I'm not saying that it's a 100% solution, just a practical approach.
it's a practical approach to serve normalized data but monitoring systems are most valuable by making abnormal conditions inspectable. proper modeling of a system has this power
so while this seems persuasive, it's fundamentally about normal data which yields little value in extrapolation
I think the next jump will come from neurosymbolic approaches, merging timeseries with a description of what they are about as input.
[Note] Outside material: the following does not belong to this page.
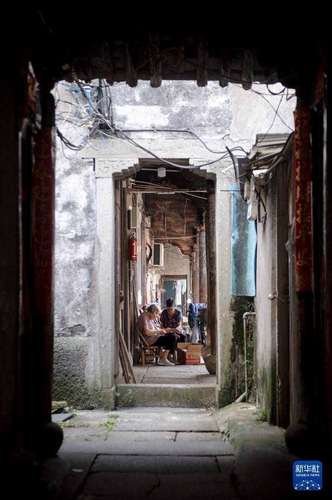 7月9日,老人在宁波慈城古县城的民居内做家务。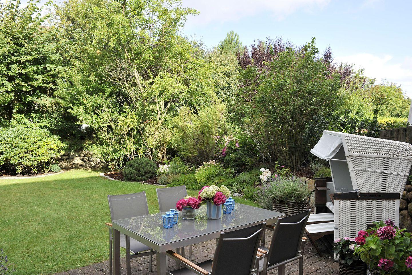 Erdgeschoss: Flur, Gäste-WC, komplett eingerichtete offene Küche mit Nespresso-Maschine, Wohnzimmer mit Esstisch, Gaskamin und TV, ruhiger, eingewachsener Garten mit West-Terrasse, Gartenmöbeln und Strandkorb

You can use that description for system identification, i.e. build a model of how the "world" works. This can be translated into a two-part network architecture, one is essentially a world-model-informed (physics-informed, as its often called in literature) part for the known-unknowns, the other one is a bounded error term for the unknown unknowns (e.g. dense layers, or maybe dense layers + non-linearities that capture the fundamental modes of the problem space for reservoir computing). The world model is revised with another external cycle of meta-learning, via symbolic regression.
The unknown-unkowns bit that I choose is designed as a shallow network that can be trained online (traditional methods, but I'd like to see if the forward-forward algorithm from Hinton would work well for short-term online adjustments), or by well-known tools like particle filters / kalman filters.
The non-linearities (and the overall approach in general) resemble physics-informed dynamic mode decomposition (piDMD), which show remarkable resistance to noise (e.g. salt & pepper).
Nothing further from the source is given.